> [DATA SECTION]:
------------------------------------------------
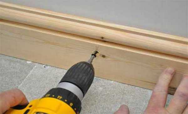 Как и в случае с ПВХ, плинтуса из дерева сверлят перфоратором прямо насквозь, затем ставят дюбель и закручивают саморез. Причем дюбель надо затолкнуть в отверстие не только плинтуса, но и пола или стены, что иногда бывает нелегко.
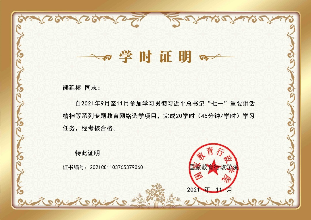 6、学习贯彻习近平总书记“七一”重要讲话精神等系列专题教育网络培训:熊延椿。
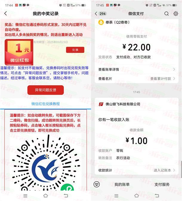 小编提示:微信扫描下面二维码跳转到中国农业银行APP,点【掌银约惠支付有礼】进去,每支付1.08元抽奖1次,每人可以抽3次,支付钱会原路退回,不会反撸,能参加的会必中1个红包
------------------------------------------------
> [ASSIGNMENT]:
Exclude the images and reproduce the remaining data exactly.

> [REPLY TO THE EXERCISE]:
 Как и в случае с ПВХ, плинтуса из дерева сверлят перфоратором прямо насквозь, затем ставят дюбель и закручивают саморез. Причем дюбель надо затолкнуть в отверстие не только плинтуса, но и пола или стены, что иногда бывает нелегко.
 6、学习贯彻习近平总书记“七一”重要讲话精神等系列专题教育网络培训:熊延椿。
 小编提示:微信扫描下面二维码跳转到中国农业银行APP,点【掌银约惠支付有礼】进去,每支付1.08元抽奖1次,每人可以抽3次,支付钱会原路退回,不会反撸,能参加的会必中1个红包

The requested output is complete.